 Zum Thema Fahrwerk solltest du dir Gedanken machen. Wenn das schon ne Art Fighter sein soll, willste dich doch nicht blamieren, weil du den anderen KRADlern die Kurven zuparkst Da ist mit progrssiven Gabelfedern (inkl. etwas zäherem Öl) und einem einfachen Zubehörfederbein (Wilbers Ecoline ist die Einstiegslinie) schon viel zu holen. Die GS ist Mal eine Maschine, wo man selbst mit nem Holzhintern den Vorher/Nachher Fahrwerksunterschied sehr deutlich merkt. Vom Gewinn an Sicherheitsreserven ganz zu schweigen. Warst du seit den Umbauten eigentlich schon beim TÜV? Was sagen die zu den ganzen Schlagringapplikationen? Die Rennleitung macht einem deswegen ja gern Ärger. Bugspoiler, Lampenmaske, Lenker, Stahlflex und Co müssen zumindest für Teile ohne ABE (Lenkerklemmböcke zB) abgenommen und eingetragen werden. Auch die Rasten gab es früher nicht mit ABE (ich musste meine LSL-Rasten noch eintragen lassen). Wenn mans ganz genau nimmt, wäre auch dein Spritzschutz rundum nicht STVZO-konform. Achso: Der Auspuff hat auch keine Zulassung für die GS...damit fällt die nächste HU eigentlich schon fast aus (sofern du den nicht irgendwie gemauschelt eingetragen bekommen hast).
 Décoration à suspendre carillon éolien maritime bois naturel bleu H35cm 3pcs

==================================================

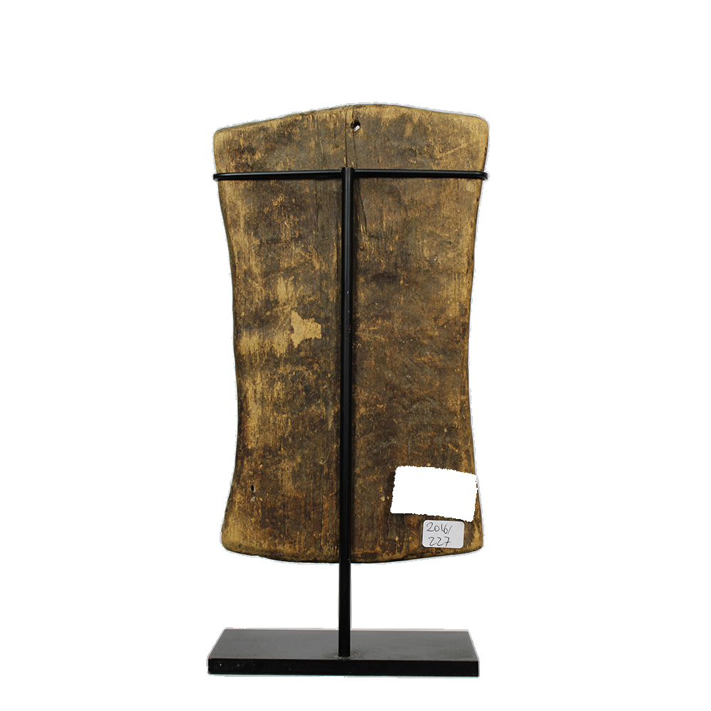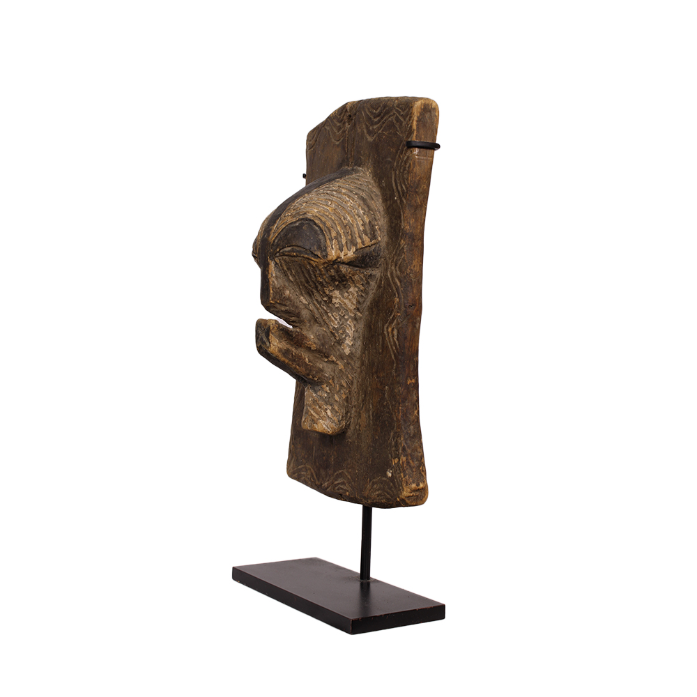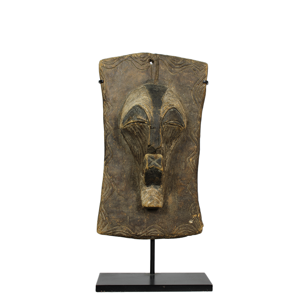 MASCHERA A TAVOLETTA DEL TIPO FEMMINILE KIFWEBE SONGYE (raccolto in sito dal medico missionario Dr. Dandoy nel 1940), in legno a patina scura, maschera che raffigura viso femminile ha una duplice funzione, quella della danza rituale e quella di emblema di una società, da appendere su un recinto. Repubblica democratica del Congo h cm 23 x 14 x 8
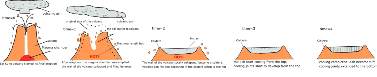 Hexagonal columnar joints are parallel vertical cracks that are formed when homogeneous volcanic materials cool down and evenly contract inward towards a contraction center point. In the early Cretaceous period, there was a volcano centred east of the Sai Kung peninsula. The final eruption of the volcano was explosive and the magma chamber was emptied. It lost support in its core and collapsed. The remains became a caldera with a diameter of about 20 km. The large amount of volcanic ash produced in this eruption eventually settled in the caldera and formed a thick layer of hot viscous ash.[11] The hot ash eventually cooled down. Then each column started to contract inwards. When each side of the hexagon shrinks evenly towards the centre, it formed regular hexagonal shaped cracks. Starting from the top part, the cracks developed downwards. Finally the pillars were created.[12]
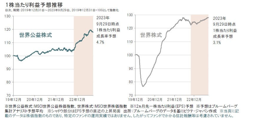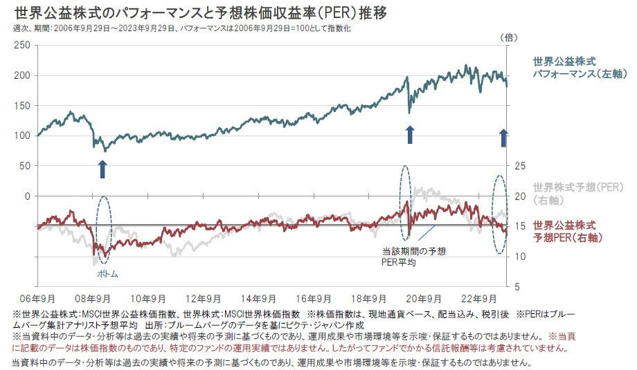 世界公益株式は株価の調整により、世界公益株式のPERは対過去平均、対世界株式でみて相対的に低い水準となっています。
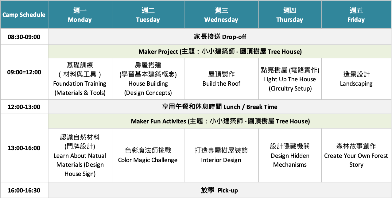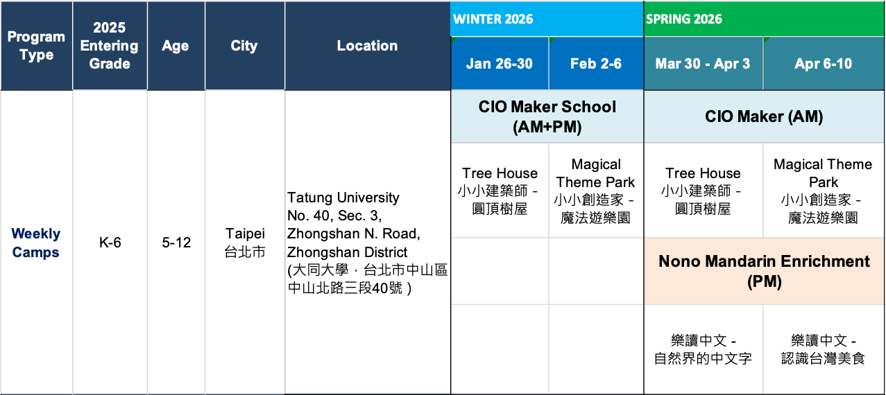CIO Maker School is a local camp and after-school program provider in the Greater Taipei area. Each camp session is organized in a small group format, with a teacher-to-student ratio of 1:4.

==================================================

## What you have to do
Repeat exactly the lines above, from the line that contains "MASCHERA A TAVOLETTA" down through the line that contains "CIO Maker School". Include both of those lines and none of the pictures.

## Written reply
 MASCHERA A TAVOLETTA DEL TIPO FEMMINILE KIFWEBE SONGYE (raccolto in sito dal medico missionario Dr. Dandoy nel 1940), in legno a patina scura, maschera che raffigura viso femminile ha una duplice funzione, quella della danza rituale e quella di emblema di una società, da appendere su un recinto. Repubblica democratica del Congo h cm 23 x 14 x 8
 Hexagonal columnar joints are parallel vertical cracks that are formed when homogeneous volcanic materials cool down and evenly contract inward towards a contraction center point. In the early Cretaceous period, there was a volcano centred east of the Sai Kung peninsula. The final eruption of the volcano was explosive and the magma chamber was emptied. It lost support in its core and collapsed. The remains became a caldera with a diameter of about 20 km. The large amount of volcanic ash produced in this eruption eventually settled in the caldera and formed a thick layer of hot viscous ash.[11] The hot ash eventually cooled down. Then each column started to contract inwards. When each side of the hexagon shrinks evenly towards the centre, it formed regular hexagonal shaped cracks. Starting from the top part, the cracks developed downwards. Finally the pillars were created.[12]
 世界公益株式は株価の調整により、世界公益株式のPERは対過去平均、対世界株式でみて相対的に低い水準となっています。
CIO Maker School is a local camp and after-school program provider in the Greater Taipei area. Each camp session is organized in a small group format, with a teacher-to-student ratio of 1:4.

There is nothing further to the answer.